TOC analysis plays a vital role in environmental analysis, and many municipalities use contract environmental laboratories to test for contaminants in their water and wastewater. However, TOC is not just limited to water analysis, and OI Analytical offers several optional kits to expand the capabilities of traditional TOC analysis. The 1030S solids module has its own built-in furnace and crucible for sample combustion, but it uses the NDIR on either the 1030W or 1030D to test solid samples such as soils, sludges, or slurries.  

With the TNb kit, the combustion process liberates both carbon and Nitrogen at the same time. A NOX converter is added after the combustion tube that converts the Nitrogen to Nitric Oxide.

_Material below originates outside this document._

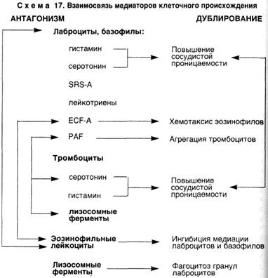 Наиболее ярко принцип дублирования выражен среди клеток — носителей вазоактивных веществ — лаброцитов, базофилов, тромбоцитов, а антагонистические начала — между этими клетками и эозинофильными лейкоцитами: медиаторы лаброцитов и базофилов стимулируют хемотаксис эозинофилов, последние же способны инактивировать эти медиаторы и фагоцитировать гранулы лаброцитов (схема 17). Среди клеток, несущих медиаторы сосудистой проницаемости, возникает "антагонистическое равновесие", определяющее своеобразие морфологии сосудистой фазы воспаления, особенно при аллергических реакциях.

After this, the same oxygen carrier gas used for TOC transports both the carbon and the Nitrogen into the NDIR and then Nitrogen into an added electrochemical detector for analysis.

Research and Academia
Scientists worldwide are finding new and exciting ways to use established technologies. TOC analysis continues to be a part of this effort, including blood and plasma analysis for genetic research, analysis of contaminated water and soil for environmental impact research, and ultra-pure water analysis for agricultural and industrial applications. Applications in carbon-dating and environmental disaster response applications are also becoming more common in academia, especially as the threat of global warming increases in magnitude.